Bangladesh has again come under a military regime. However, nobody openly calls it a coup. The army in Bangladesh stepped in with noble goals in January, 2007 and asked the then President Izazuddin Ahmed to declare a state of emergency. Basic rights were suspended. The President stepped down as the head of the caretaker government that had been formed to oversee the elections. He was replaced by Fakruddin Ahmed, a former World Bank official, who now heads a technocratic administration. This intervention by the army had become inevitable because frequent clashes between the supporters of the ruling Bangladesh Nationalist Party (BNP) and the main opposition party Awami League (AL) had plunged the country to a virtual chaos. A dysfunctional Parliament was dissolved. The National Security Chief, head of the Power Ministry, and the Attorney General were ousted. A large number of local gangsters were also arrested.
The caretaker government had also launched a full fledged anti-corruption drive. It has arrested a large number of senior members of the two ruling parties who had looted and misruled Bangladesh over a decade. Bangladesh, as per Transparency International's Corruption Perception Index (CPI), is regarded as one of the most corrupt countries of the world. In its clean-up drive the military-backed government has already jailed 30 top level criminals, mainly politicians and businessmen. Another 100 are wanted. A law to deal within 60 days with people charged with corruption is on the anvil. The government has formed teams of military and civilian investigators for the task and feels confident that they will be able to collect necessary evidence to get the culprits convicted.
To prove that its anti-corruption drive will spare none, it arrested on March 9, 2007, Tarieq Rahman, son of Begum Khalida Zia. It also searched the house of Begum Sheikh Hasina Wazid, the former Prime Minister and leader of Awami League, but no arrests were made. The detainees were mostly from the groups that prospered when either Begum Zia or Sheikh Hasina was ruling.
Common people of Bangladesh who are poor but politically
alert including employees of numerous NGOs are rejoicing at the discomfiture
of the politicians. "Everybody but the politicians", as Economist puts it (January 20th-26th, 2007) "is apparently happy".
Zia's son and presumed successor, Tariq had in recent
years become the symbol of corruption, violence and kleptocratic misrule.
He was referred to as "Mr. ten percent", because of his cut in
any deal done by Zia's government. Indeed, the people had become sick
of corruption and spiraling violence that rocked Bangladesh.

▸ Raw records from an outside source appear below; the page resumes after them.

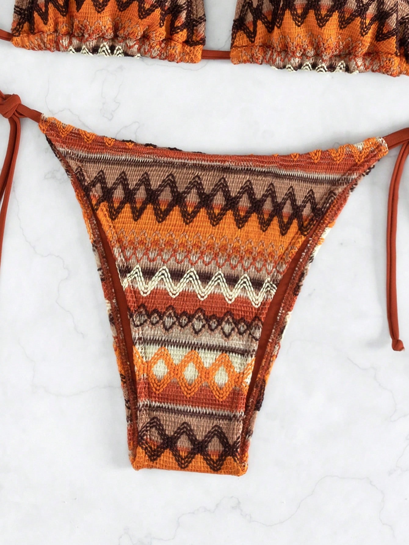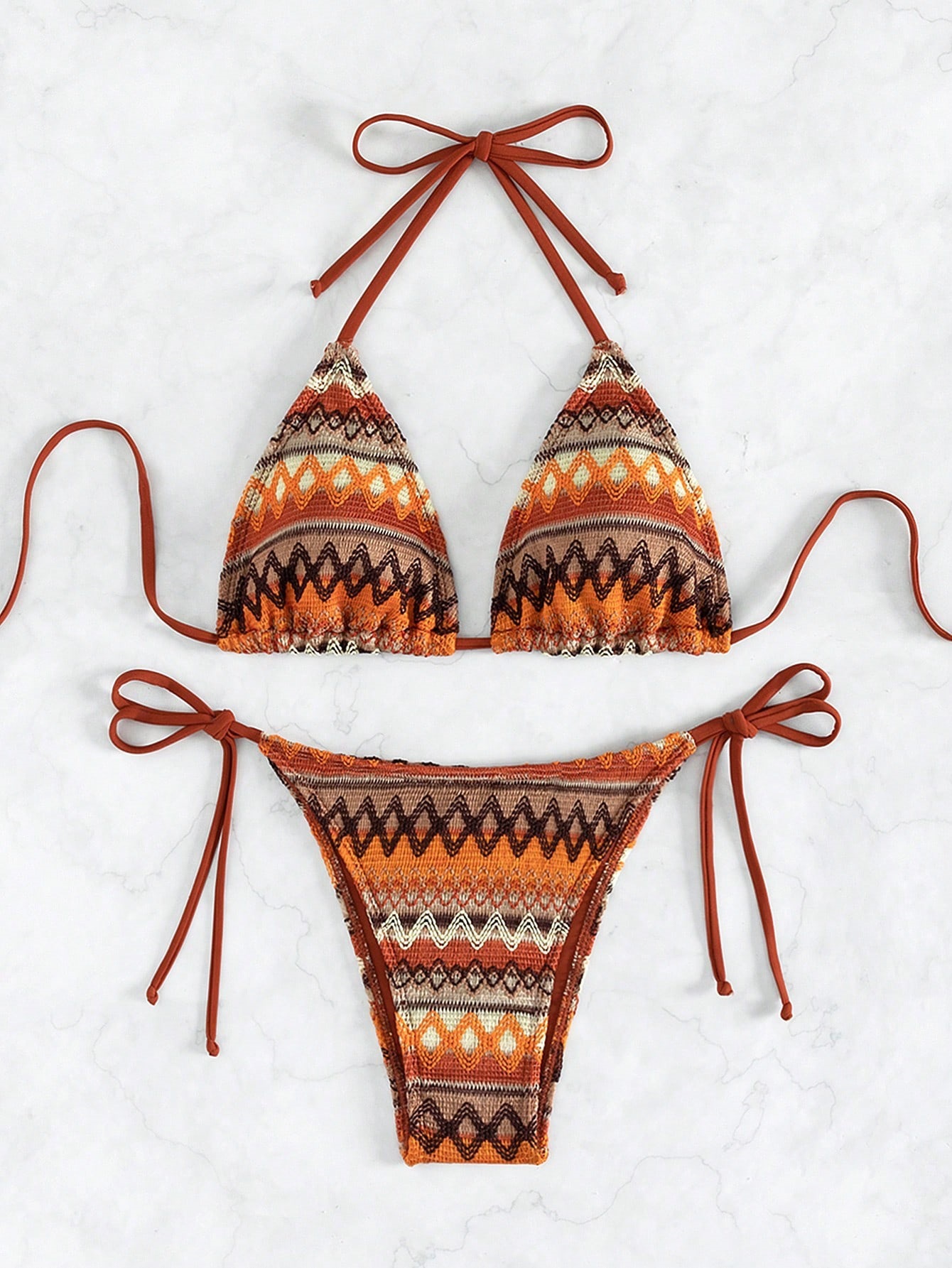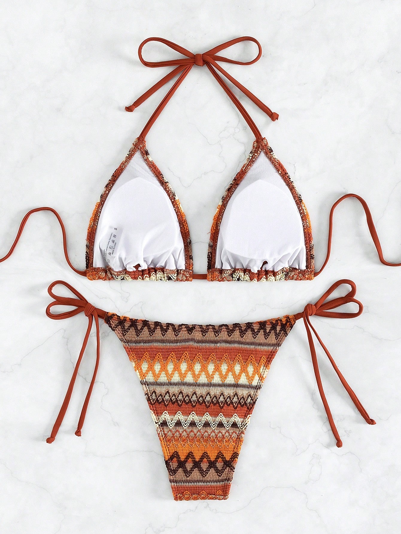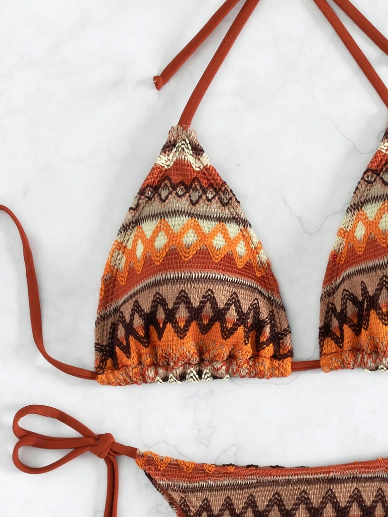Swimsuit Women Bikini Woven Beach Geometric Abstract Pattern Knotted Bikini Swimsuit
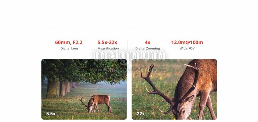 Kombinacija digitalnog detektora od 3840 × 2160 4K i laserskog daljinomera do 1000 metara pruža preciznost i detalje koji će vaše iskustvo posmatranja podići na viši nivo. Kompaktni dizajn i težina od samo 795 g čine ga idealnim za lov, posmatranje ptica i spasilačke misije.
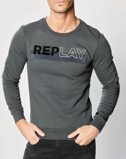 Sudadera gris con logo bimaterial
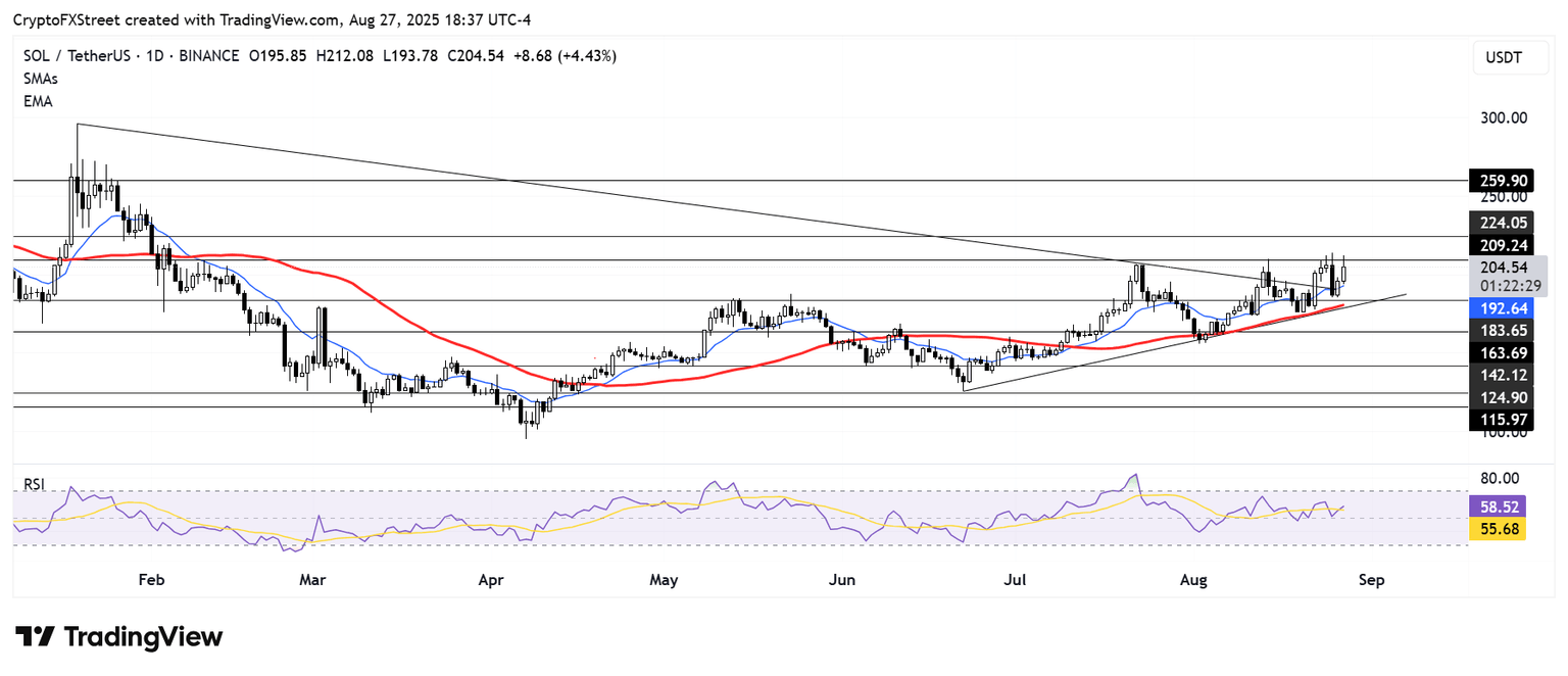 SOL ha subido un 5% en las últimas 24 horas, cotizando alrededor de 205$ en el momento de la publicación. La cuarta altcoin más grande está probando la resistencia de 209$ mientras apunta a un posible movimiento hacia 224$.
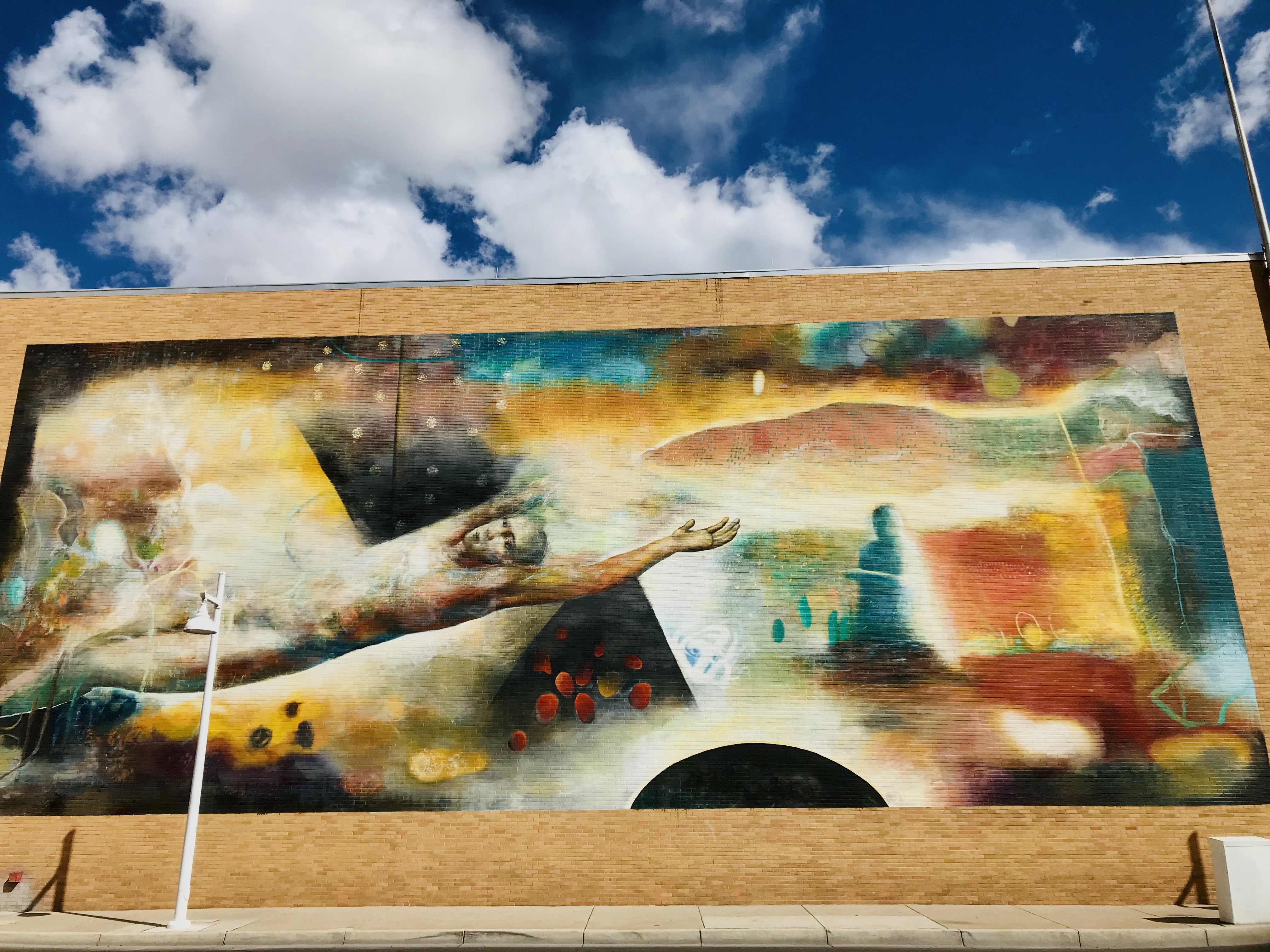 From the bridge, we returned to the park and headed south to downtown. New Mexico has had some pretty strong public safety rules during the pandemic, so downtown was all but shut down, and easy to navigate. The center of the city is loaded with murals, some by local artists and some by members of the international community of mural painters. The city commissioned many of the murals, but some appeared organically last summer during the BLM protests.
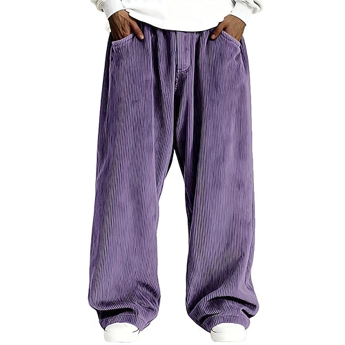 Per uomo Pantaloni Pantaloni in velluto a coste Pantaloni Larghi Pantaloni casual Pantaloni della tuta a gamba dritta Coulisse Gamba larga Tinta unica Comodità Lunghezza intera Casuale Quotidiano
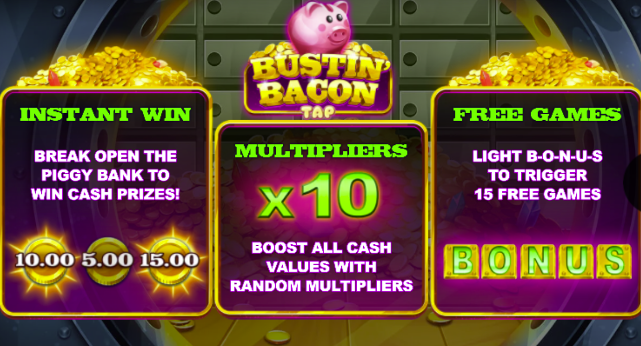 Get ready to tap for treasure in Bustin' Bacon Tap, an interactive slot focused on a simple yet addictive mechanic: smashing piggy banks. This game combines a straightforward slot base with a highly engaging bonus round where your taps directly translate to cash prizes and multipliers. Its a perfect blend of chance and light physical interaction, offering a fun and potentially rewarding break from standard slot play.
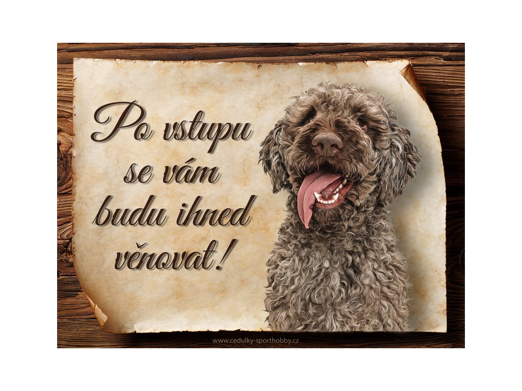 Cedulka s Italský vodní pes, hliníková s nápisem "Po vstupu ...!" Kovová výstražná venkovní cedulka oznamující to či ono, že se ve vašem obydlí může návštěvník setkat s vašim čtyřnohým miláčkem a jeho teritoriem. Velikosti těchto cedulek jsou 15x11,25 a 20x15 a 27x20 cm. Cedulky jsou tištěny sublimační technologií Grawerton přímo na plech. Cedulky dodáváme běžně se zakulacenými rohy. Pokud budete chtít na cedulku vlastní text, napište nám jej do poznámky.
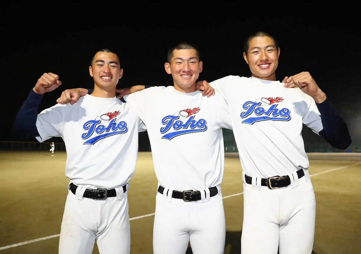 肩を組み笑顔を見せる(左から)東邦の上田、石川、山北 (撮影・後藤 大輝)
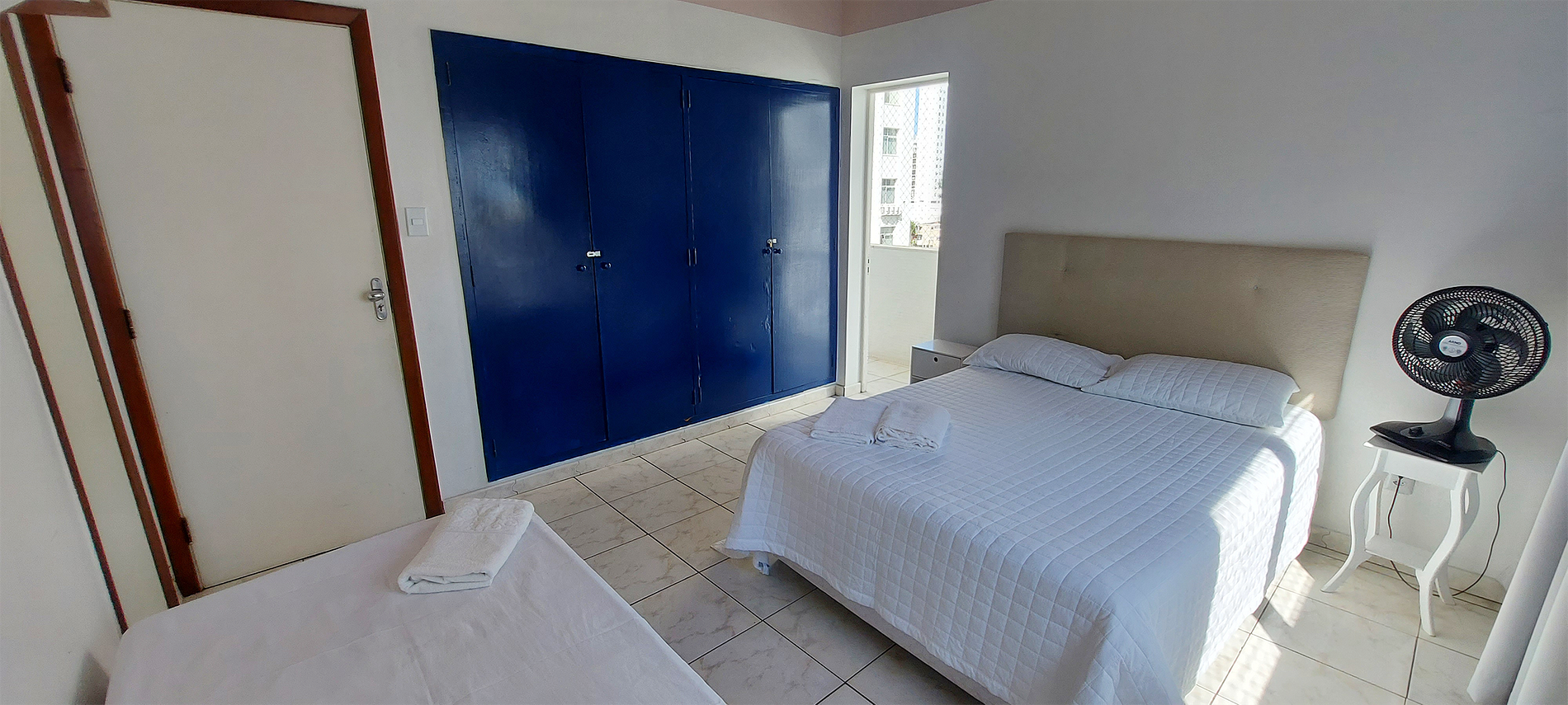 Apartment with 3 bedrooms (one of the bedrooms is a suite), a balcony in the living room and another balcony shared by 2 bedrooms. located near Campo Grande, Graça and Barra. Kitchen, split air conditioning in one of the bedrooms and fan in the other two bedrooms, TV with open local channels, WI-FI 200MB, 1 parking space in a row
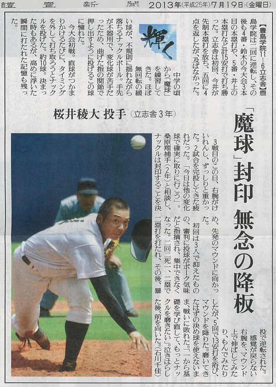 ▲立志舎高校の桜井稜大投手が読売新聞に掲載されました
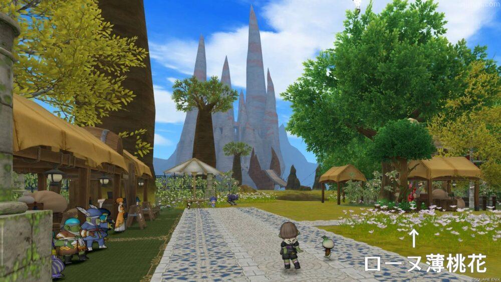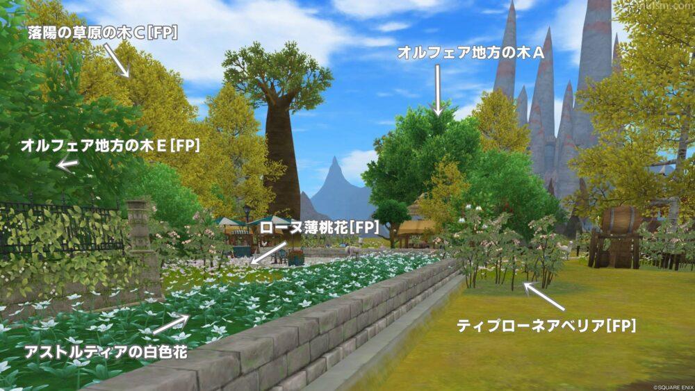 周囲の遠景に関しては、黄緑色の「落葉の草原の木C(DQXショップ品)」を置きまくったことで、武骨な岩山もいい感じの草原っぽい雰囲気にしてくれているように思います。
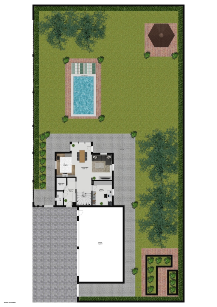 Dieses Einfamilienhaus vereint modernes Wohnen mit Urlaubsflair. Herzstück ist der überdachte Pool, der im Sommer zum Treffpunkt für Familie und Freunde wird. Ein durchdachter Grundriss, hochwertige Ausstattung und zahlreiche Extras machen dieses Haus zu einem echten Wohntraum.
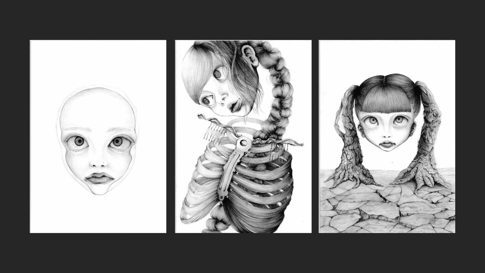 独自の少女性を探求する3つの鉛筆画
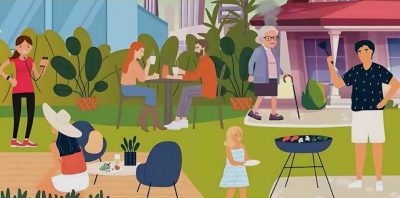 Kijk eens naar de afbeelding hieronder. Het toont een openluchtfeest. De mensen op de foto zijn aan het ontspannen, kletsen en barbecueën.
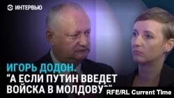 С Игорем Додоном корреспондентка Настоящего Времени встретилась в столице Словакии, куда он прилетел на Международную конференцию "Братислава – город мира", один из организаторов которой – Национальный исследовательский институт развития коммуникаций (НИИКР), созданный, по версии независимых российских расследовательских проектов, выходцами из КГБ, СВР и ФСБ. Там он говорил о необходимости отменить антироссийские санкции.
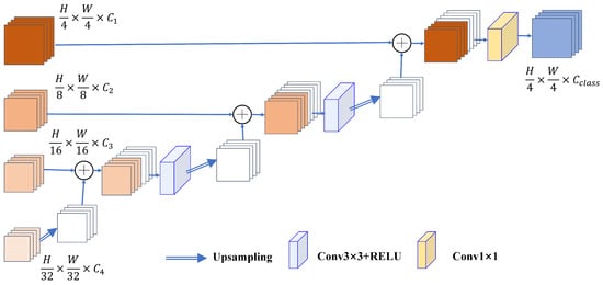 The decoder structure in the original SegFormer model simply performs upsampling and linear variation on the four different resolutions of the feature maps obtained from the encoder output, and then feeds them into multiple fully connected layers to obtain the final result. Although this lightweight decoder structure avoids excessive computation, the direct and aggressive upsampling of the encoder output may lead to the loss of detailed information, especially in the positioning of the water level line as addressed in this paper. To fully leverage the semantic and spatial information in the feature maps at different stages of the encoder output, this paper proposes a new decoder that references the encoder structure in the UNet network. The structure is illustrated in Figure 6. The decoder employs a skip-connection architecture to make full use of the semantic and spatial information contained in the feature maps at each stage. Meanwhile, the stepwise upsampling technique used in the skip-connection process enables the decoder to capture the relevant features that were lost in the downsampling process of the encoder.
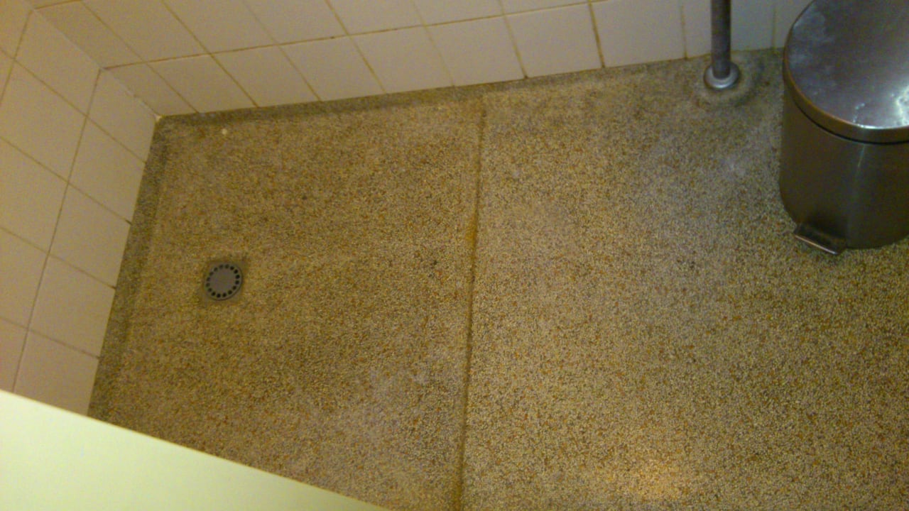 Das Bad mit Dusche das Waschbecken ist verstopft
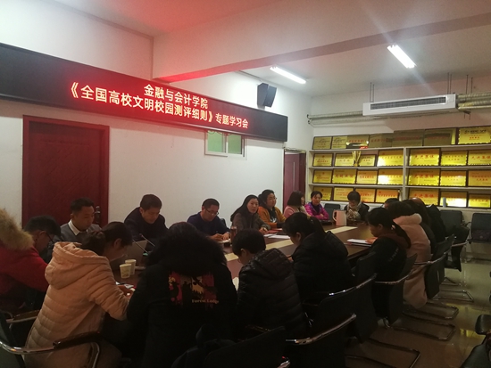 11月26日下午,金融与会计学院在SY5412会议室召开《全国高校文明校园测评细则》专题学习会,全体教职工参加。学习会由院长宋建涛主持。

The caretaker government has vouched to de-politicize the enfeebled institutions. It has appointed a new Election Commission and also weeded out Mrs. Zia's acolytes who were in charge of anti-corruption wing of the government. It has announced plans to make state banks accountable and realize money from the politicians and their cronies who had taken massive loans and were reluctant to pay them back. Initially the caretaker government also announced a clamp on the media, but later on good sense prevailed and it decided to relax it. The administration has also taken a number of other sensible steps. It is trying to deal with the looming power crisis and overhaul the malfunctioning seaport at Chittagong. For dealing with the chronic power shortage it has approved a long pending deal with an Indian firm to build a 240 MW power station.
It seems that the object of the army is to force the
two ladies to quit by starting corruption cases against them. The strategy
has been nicknamed as "Musharraf solution", after the success
of Musharraf, in forcing two redoubtable civilian leaders Benazir Bhutto
and Nawaz Sharif to leave Pakistan. Dhaka is agog with rumour that Khaleda
Zia is trying to negotiate a graceful exit for herself and her two sons.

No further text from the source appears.